Déplacement difficile pour Thorbjørn Jagland

Dans une ambiance surchauffée par les déclarations de plus en plus rocambolesques de Recep Tayyip Erdogan, le Secrétaire Général du Conseil d’Europe, Thorbjørn Jagland, se rend aujourd’hui à Ankara.

Une mission extrêmement difficile attend le Secrétaire Général du Conseil d'Europe Thorbjørn Jagland à Ankara. Foto: CoE / Candice Imbert

(KL) – Il y a des déplacements plus faciles que celui qui attend aujourd’hui le Secrétaire Général du Conseil d’Europe, Thorbjørn Jagland. Car Jagland aura une mission impossible – faire revenir le président turc à la raison. A Ankara, le Secrétaire Général du Conseil d’Europe rencontrera le grand patron en personne, mais aussi son premier ministre Binali Yildirim, le ministre des affaires étrangères Mevlüt Çavuşoğlu, le ministre de la justice Bekir Bozdağ et, comme indique un communiqué de presse, « des leaders des partis de l’opposition ».
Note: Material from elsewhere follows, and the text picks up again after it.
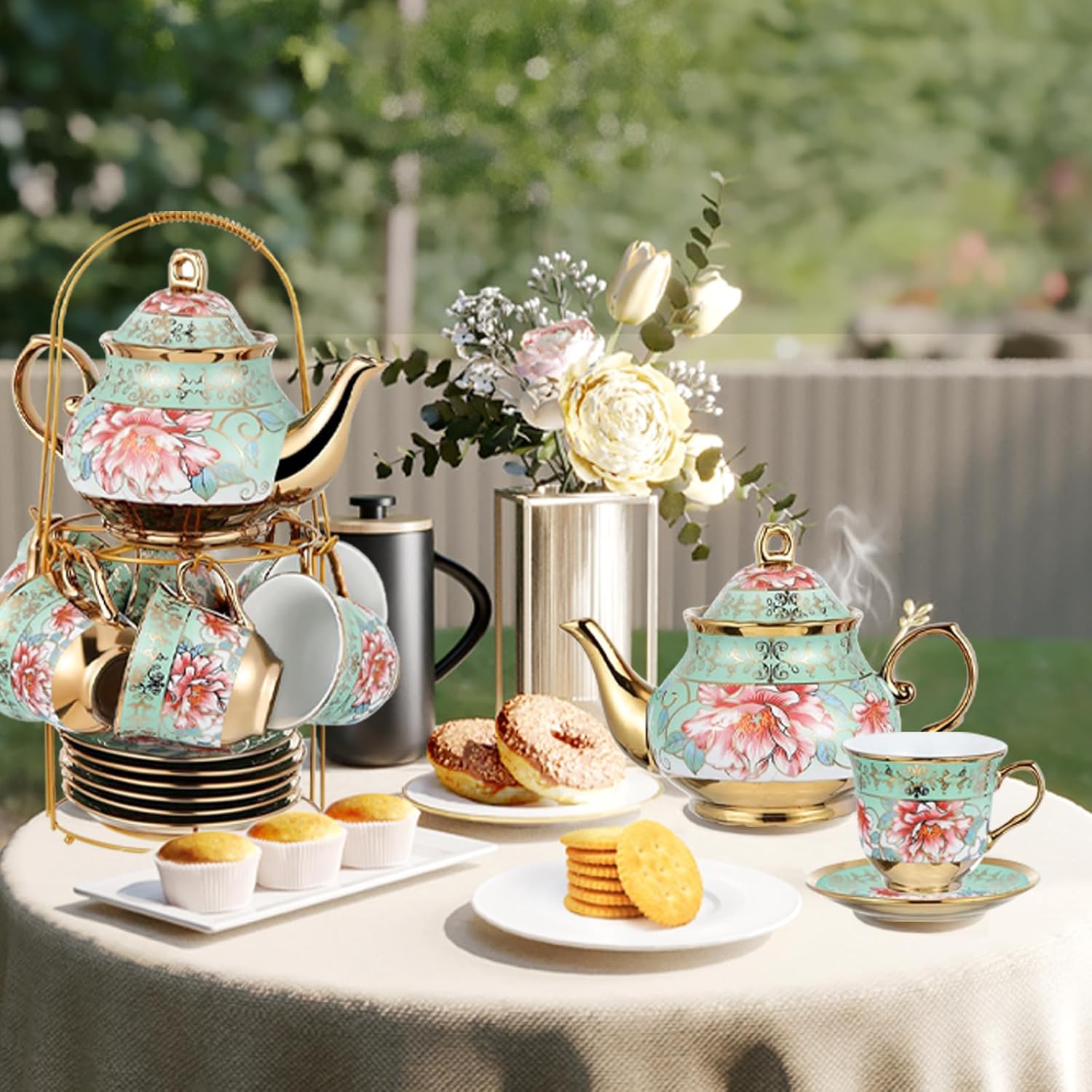 Kytree 20Pcs Porcelain Tea Set – Elegant, European-Inspired & Gift-ReadyElevate your tea moments with this exquisite purple floral ceramic set, blending vintage European charm and modern functionality. Its intricate gold-accented design and premium porcelain construction transform afternoon tea, casual gatherings, or formal parties into luxurious rituals.Why Choose Kytree Tea Set?Luxury Porcelain Craftsmanship: Made from high-quality, fade-resistant porcelain, this set withstands daily use. Vibrant floral patterns are kiln-baked for lasting brilliance, paired with a smooth, chip-resistant finish.Timeless Vintage Aesthetic: Rich purple hues and gold trim evoke classic European elegance, complemented by a 12” (30.5 cm) two-tier metal stand for sophisticated display.Complete Entertaining Kit: Includes a 15oz (450ml) teapot, six 3oz (90ml) cups with saucers, six spoons, and a tiered stand—perfect for serving tea, coffee, or fruit infusions.Thoughtful Functional Design: Teapot spout does not drip when pouring; ergonomic cup handles and saucers prevent spills. Lightweight yet durable for indoor or outdoor use.Unforgettable Gifting: Expertly packaged, this set is ideal for tea enthusiasts, housewarmings, bridal showers, or anyone who appreciates artisanal craftsmanship.SpecificationsMaterial: Premium porcelain with gold metallic accentsCapacity:Teapot: 23.67oz (700ml)Cups: 5.4oz (160ml) eachSize:Teapot: 7.87 H × 5.9” W (20 × 15 cm)Cups: 3” H × 2.5” D (7 × 6.5 cm)Saucers: 4.92” D (12.5 cm)Stand: 12.2” H x 5.51” D (31 x 14 cm)Spoons: 5.12” L (13 cm)Weight: 5.5lb/2.5kgColor: Green with floral motifs and gold trimIncludes1x Ceramic Teapot6x Ceramic Tea Cups6x Matching Saucers6x Stainless Steel Spoons1x 2-Tier Gold Metal Stand

Avant cette visite diplomatique, le président Erdogan a estimé nécessaire de verser encore de l’huile dans le feu en déclarant hier que « les pays occidentaux soutiennent le terrorisme et les putschistes qui ont failli [me] renverser » – une déclaration osée pour un homme politique qui n’a jamais estimé nécessaire de démentir les rumeurs selon lesquels sa famille était impliquée dans le commerce avec Daesh.

Lors des rencontres entre Jagland et le leader turc et ses marionnettes, on peut s’attendre à un dialogue de sourds. Pendant que le Secrétaire Général du Conseil d’Europe tentera de modérer le leader turc en ce qui concerne les « purges » de l’armée, de la justice, de l’éducation et des médias, Erdogan voudra parler de la libre circulation des ressortissants turcs dans l’Union Européenne dès le mois d’octobre. Celui qui a pour l’habitude d’enfermer toute voix critique dans son pays, ne risque pas d’être sensible aux arguments de Thorbjørn Jagland. Heureusement que la haute fonction de Jagland le protègera contre une arrestation, car ce qu’il aura à dire à Erdogan, ne fera pas plaisir à ce dernier.

Le message que portera Thorbjørn Jagland est simple – si la Turquie devait réintroduire la peine de mort, le Conseil d’Europe n’aura pas le choix – il devra exclure la Turquie. Et forcément, Jagland ne pourra que protester contre ces « purges », contre la fermeture de tous les médias indépendants, contre l’arrestation de plus de 18000 personnes, contre les nouvelles agressions turques contre les Kurdes, contre la prise du contrôle de l’armée et des services secrets par le leader turc, contre l’oppression de minorités, contre les violations répétées de la Charte des Droits de l’Homme par la Turquie etc. – et Erdogan ne voudra pas en entendre parler. Par contre, Erdogan voudra parler de l’argent qu’il souhaite que l’Europe paie à la Turquie, Erdogan voudra parler de cet accord malheureux entre l’UE et la Turquie concernant les réfugiés, Erdogan voudra parler des milliards d’euros qui sont alloués aux candidats à l’adhésion à l’UE et on peut se poser la question s’ils auront des sujets communs qu’ils pourront discuter.

La mission diplomatique de Thorbjørn Jagland est importante, mais il n’y a que peu de chances à ce qu’elle aboutisse à quelque chose. La Turquie s’enferme avec une attitude paranoïaque autour d’un dictateur-président qui est en train de transformer un état démocratique en une dictature présidentielle et religieuse, tout en éliminant l’opposition.

Mais Thorbjørn Jagland veut également rencontrer des représentants de l’opposition à Ankara. On attend avec curiosité qui la Turquie présentera comme « représentant de l’opposition »… En espérant que ses interlocuteurs ne soient pas immédiatement conduits dans un camp de détenus après l’entretien avec le Secrétaire Général du Conseil d’Europe.